# [What you need to do]
All pictures are to be excluded when the data below is output verbatim.

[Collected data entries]
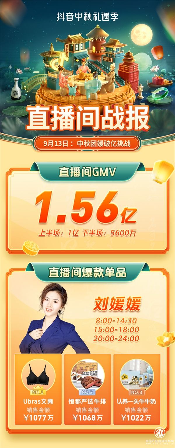 (9月13日,刘媛媛“中秋团媛破亿挑战”直播间GMV 1.56亿)
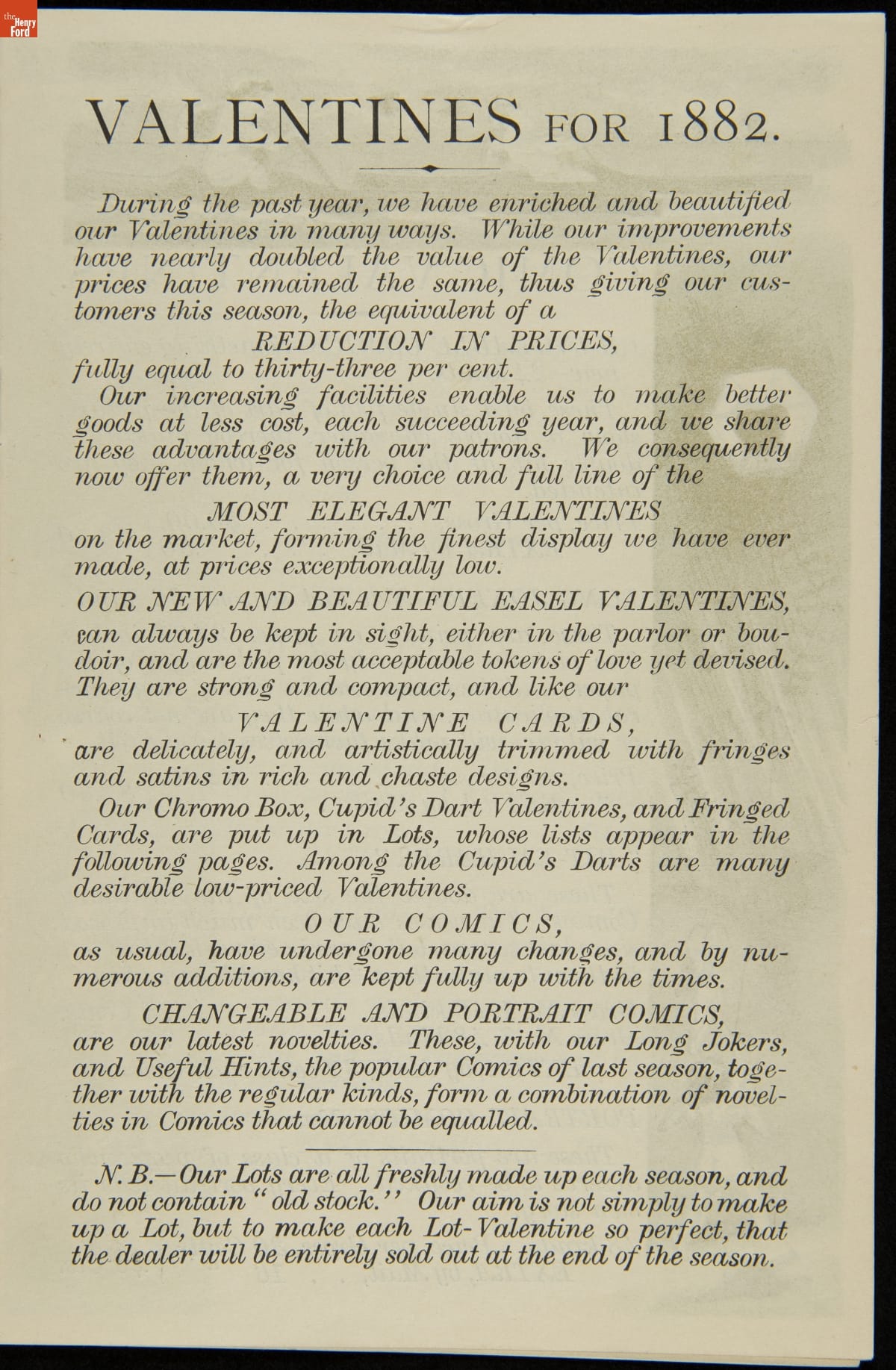 Throughout the second half of the nineteenth century, family members and sweethearts commonly exchanged Valentine's Day greetings. Typical valentines were frilly and often depicted cherubs, birds, or flower garlands. This eye-catching catalog lists a range of valentines offered by the McLoughlin Bros. publishing firm for 1882.
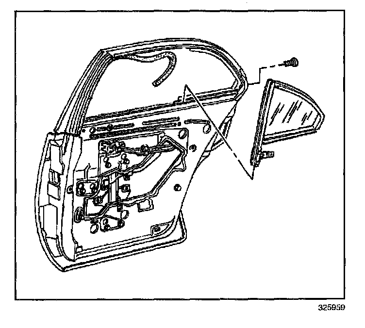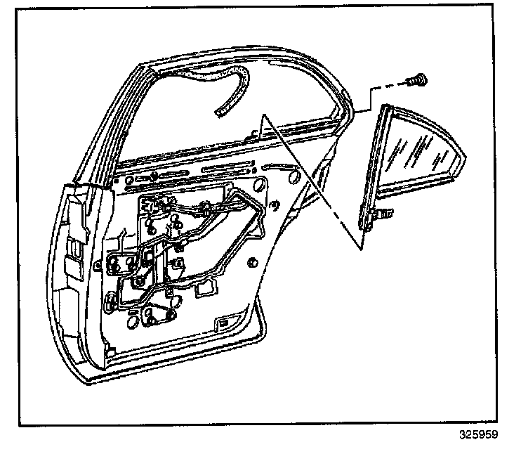 12. Rotate the window foreword and remove it from the rear door.
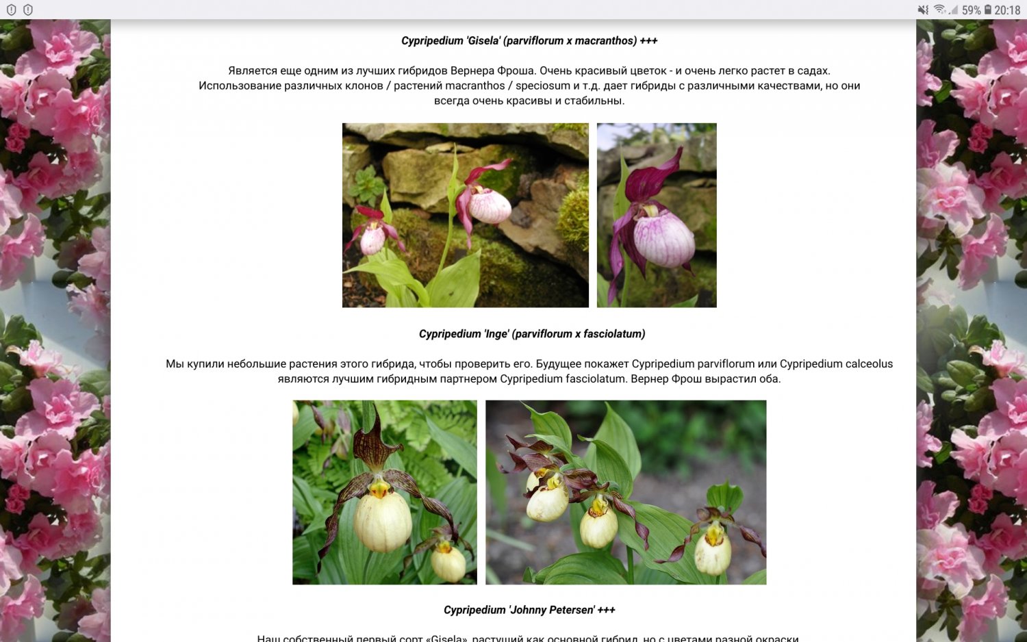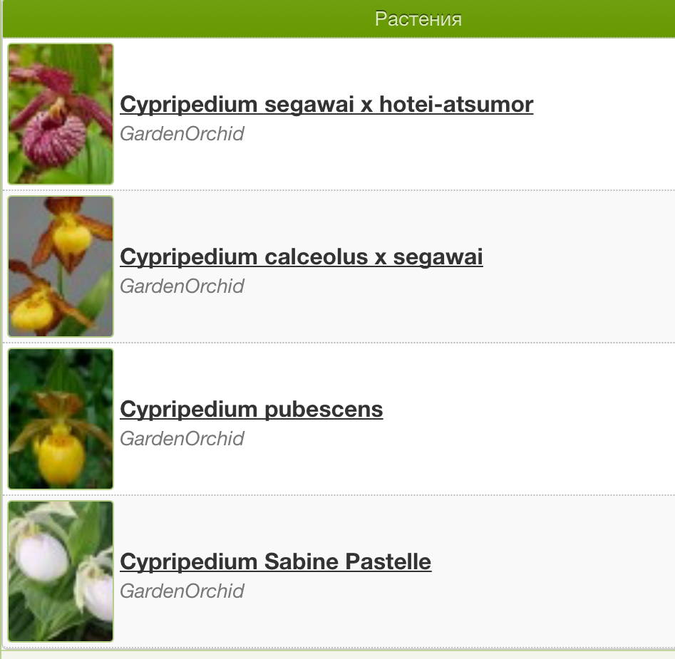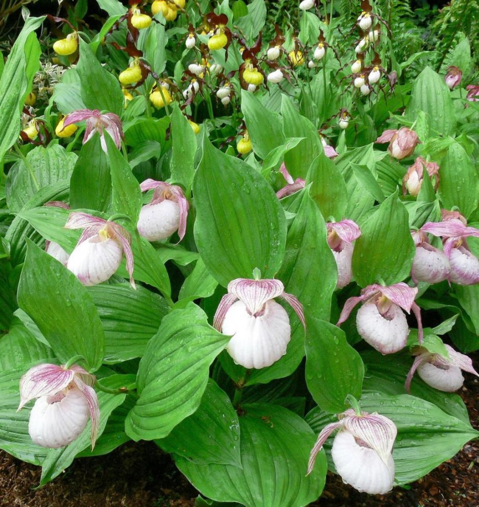 Я бы взяла Cypripedium pubescens, Cypripedium Inge, Cypripedium pink, Cypripedium Gisela. Это весенние.
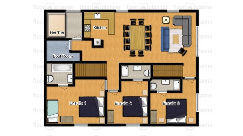 The property has a private outdoor terrace complete with hot tub. It offers a lovely setting to chill out with a glass of wine and maybe even the perfect spot to enjoy your evening canapés! Our boot room has a heated boot rack to ensure that your feet are nice and toasty in the morning.
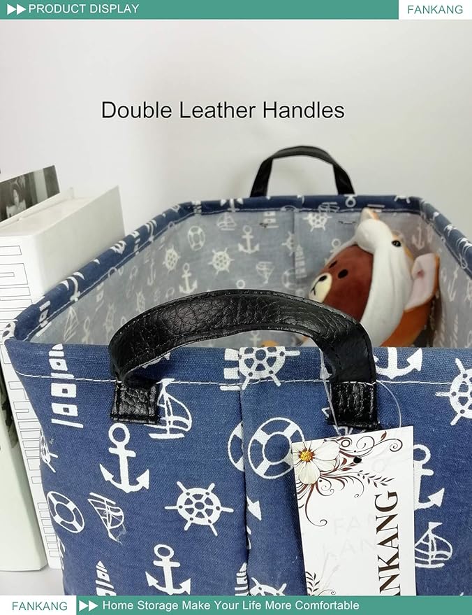 FANKANG Storage Basket,Nursery Hamper Canvas Laundry Basket Foldable with Waterproof PE Coating Storage, Office, Bedroom, Clothes,Toys (Rec-Sailboat)
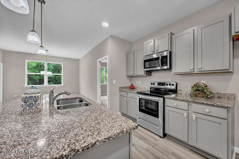 One level living in this newly painted 3 BR, 2 bath home with all laminate flooring; Kitchen island. Close to Oak Island beaches and charming Southport! Community pool, pool house, picnic area, playground, 15-acre fishing lake with dock and kayak launch; street lights. Municipal water and sewer. Large master, walk-in closet and bath. Screened porch. Handicap accessible. Near Dosher Memorial Hospital. Ask about low interest loan which could possibly be assumed by a qualified Buyer!

# [Written response]
 (9月13日,刘媛媛“中秋团媛破亿挑战”直播间GMV 1.56亿)
 Throughout the second half of the nineteenth century, family members and sweethearts commonly exchanged Valentine's Day greetings. Typical valentines were frilly and often depicted cherubs, birds, or flower garlands. This eye-catching catalog lists a range of valentines offered by the McLoughlin Bros. publishing firm for 1882.
 12. Rotate the window foreword and remove it from the rear door.
 Я бы взяла Cypripedium pubescens, Cypripedium Inge, Cypripedium pink, Cypripedium Gisela. Это весенние.
 The property has a private outdoor terrace complete with hot tub. It offers a lovely setting to chill out with a glass of wine and maybe even the perfect spot to enjoy your evening canapés! Our boot room has a heated boot rack to ensure that your feet are nice and toasty in the morning.
 FANKANG Storage Basket,Nursery Hamper Canvas Laundry Basket Foldable with Waterproof PE Coating Storage, Office, Bedroom, Clothes,Toys (Rec-Sailboat)
 One level living in this newly painted 3 BR, 2 bath home with all laminate flooring; Kitchen island. Close to Oak Island beaches and charming Southport! Community pool, pool house, picnic area, playground, 15-acre fishing lake with dock and kayak launch; street lights. Municipal water and sewer. Large master, walk-in closet and bath. Screened porch. Handicap accessible. Near Dosher Memorial Hospital. Ask about low interest loan which could possibly be assumed by a qualified Buyer!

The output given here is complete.